La secreta incógnita de los imponderables


La secreta incógnita de los imponderables

A Fer:
La falta de premios no agota la esperanza,
el triunfo consiste en seguir adelante.

Con buena salud he pasado de largo este último invierno y llego a la primavera con el atrevimiento de seguir vivo y con nuevos bríos. A los setenta años se aprecia la salud mucho más que el dinero. Se valora la fortaleza y el ánimo antes que  las posesiones. La edad, además, permite cierta indulgencia y nos da la licencia de manifestar  abiertamente nuestras creencias.
En este trayecto me he acercado a incontables orillas y tomado sorbos de corrientes diversas, tendencias en apariencia distinta, pero en su esencia iguales. Con ese aval y algunas sospechas sobre la alquimia que impulsa el enorme poder de las fuerzas ocultas que rigen mi destino, no dudo en declararme creyente.

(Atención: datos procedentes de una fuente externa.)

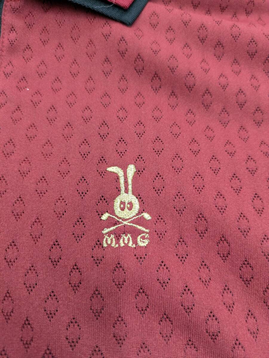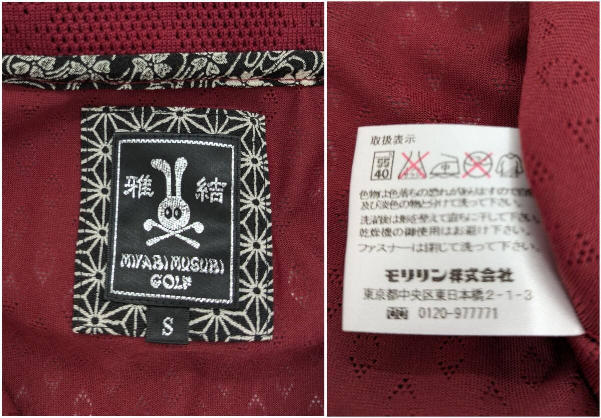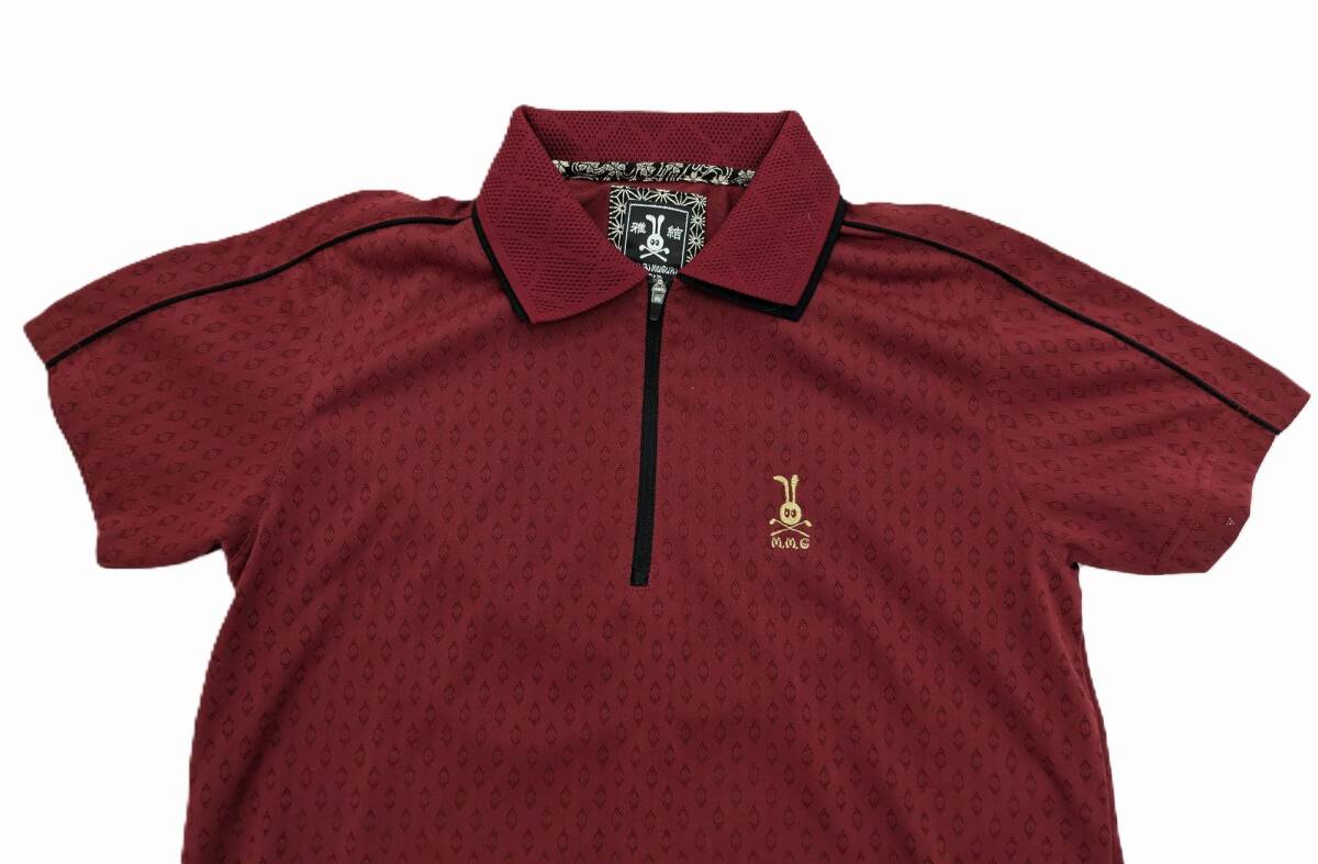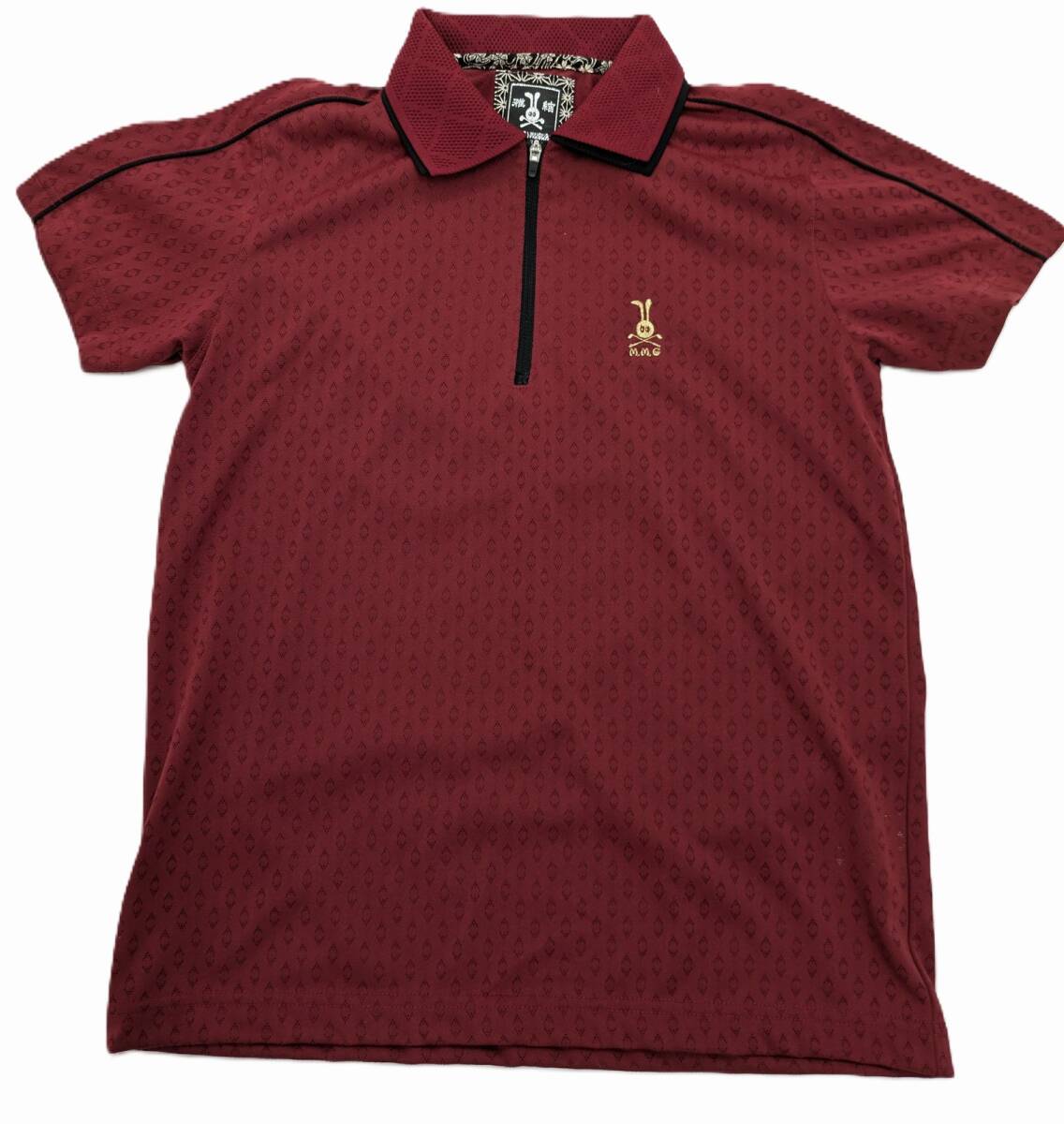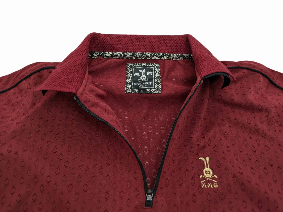 中古 雅結 GOLF みやびむすび ハーフジップ シャツ メッシュ 刺繍 半袖 ボルドー S

Creo en la existencia de Dios y en sus innumerables nombres, creo en una fuerza superior a mi voluntad, que opera en armonía con propósitos secretos establecidos de antemano y es capaz de crear, transformar y destruir por encima de mis deseos.
Creo en el movimiento constante, en los cambios vitales, en  el origen mutable de las cosas y acepto, aunque escapen a mi comprensión, los inexorables acontecimientos que enfrento diariamente. Esos bárbaros sucesos, esos eventos  brutales y desconsiderados, hacen estragos en la convicción de mis certezas y a pesar de ellos, lleno de dudas, mantengo la fe.  

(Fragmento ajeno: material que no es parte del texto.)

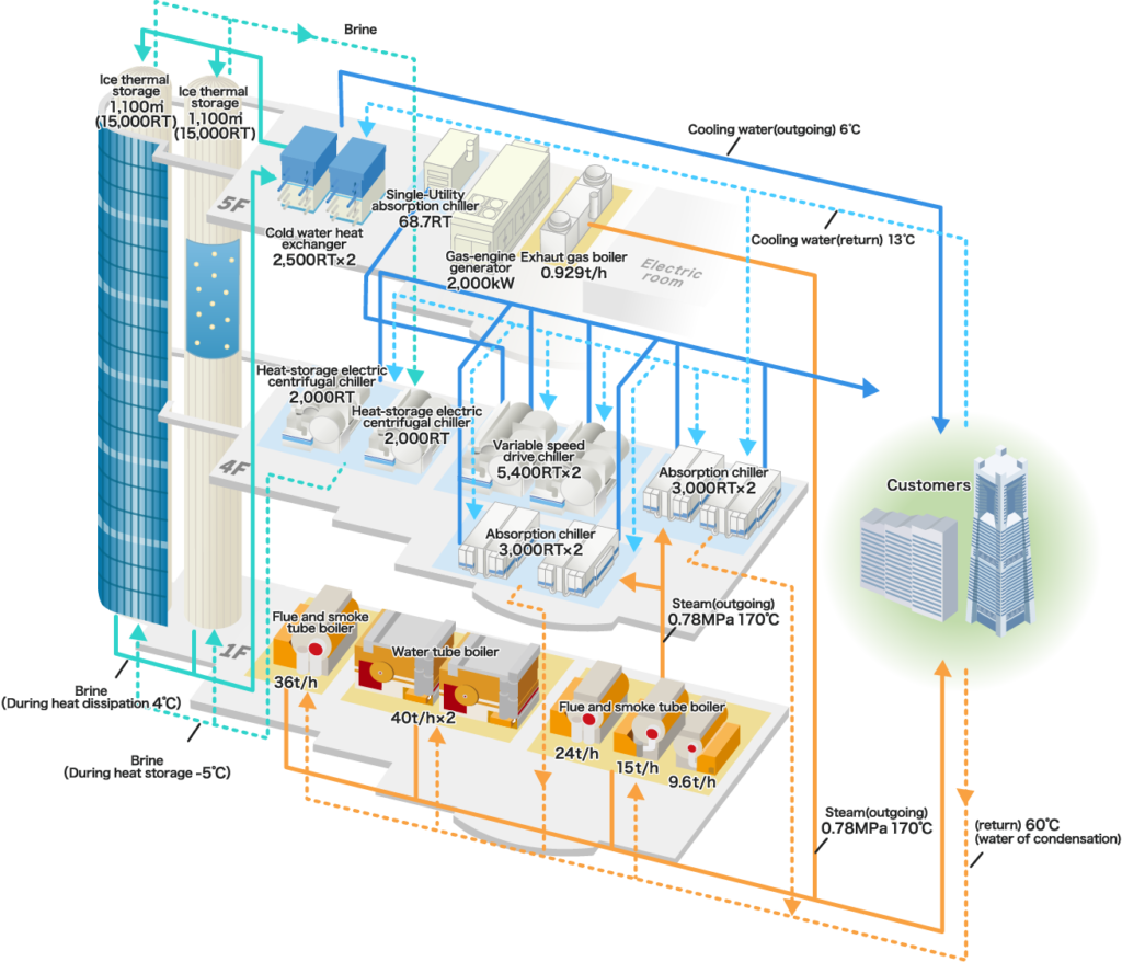 | Heat-storage electric centrifugal chillers (2,000 RT while storing heat) | (2,650 RT while catching up) | 1 | 2,650 RT | 2023 | |

Debo asistir a un compromiso y estos setenta años me han enseñado a cumplir con la palabra empeñada,  a no posponer las obligaciones, a enfrentar los afanes que trae cada día y esa máxima convertida en costumbre me obliga a salir a la calle. El frío de estos primeros días de primavera no me detiene.
A esta edad el tiempo ya vence al cuerpo, los reflejos fallan, disminuyen los sentidos y aun con lentes mi visión es escasa, tengo prohibido manejar y debo usar el transporte público. Camino hacia la parada y veo acercarse con rapidez el autobús, no tengo prisa, pero un impulso ciego superior a mis hábitos me obliga a correr y con un trote rápido intento alcanzar al colectivo, en otro tiempo corría maratones y no me es extraño el ejercicio.
En esa dimensión que desconozco y en la que operan las fuerzas ocultas, se pone en marcha un mecanismo secreto para impedir que tome ese autobús, manos intangibles detienen mi carrera, una zancadilla etérea enreda mis piernas y caigo al pavimento. Casi en el acto estoy de nuevo en pie y tercamente persisto en perseguir el autobús, que se marcha sin esperarme.
Enfurecido con mi ridícula pretensión, orgullosamente derecho, la cabeza levantada, compruebo que no tengo fracturas, pero las manos me arden, ellas soportaron la caída y los puntos de sangre sobre la piel raspada son la huella que me deja la experiencia.
Contengo la furia de mi incompetencia, reviso cada elemento anterior a mi caída y no encuentro explicación posible. En menos de un minuto llega otro autobús que tomo sin contratiempos, es un misterio incomprensible este  accidente. El día apenas comienza y tengo la sensación de que se soltó una jauría de inconvenientes que me persigue.
En el semáforo un camión se pasa la luz, el bus que no alcancé a tomar intenta esquivarlo y en la maniobra el conductor pierde el control y se voltea, el impacto es terrible. Se desata el caos y la muerte se hace cargo del momento. Confieso que nunca he sabido leer las señales de las fuerzas que rigen mi destino, los imponderables son una incógnita secreta que no logro resolver, pero admito con humildad, que hoy la verdad se ha develado y rendido ante la evidencia, me entrego a los designios de la energía que maneja mi destino.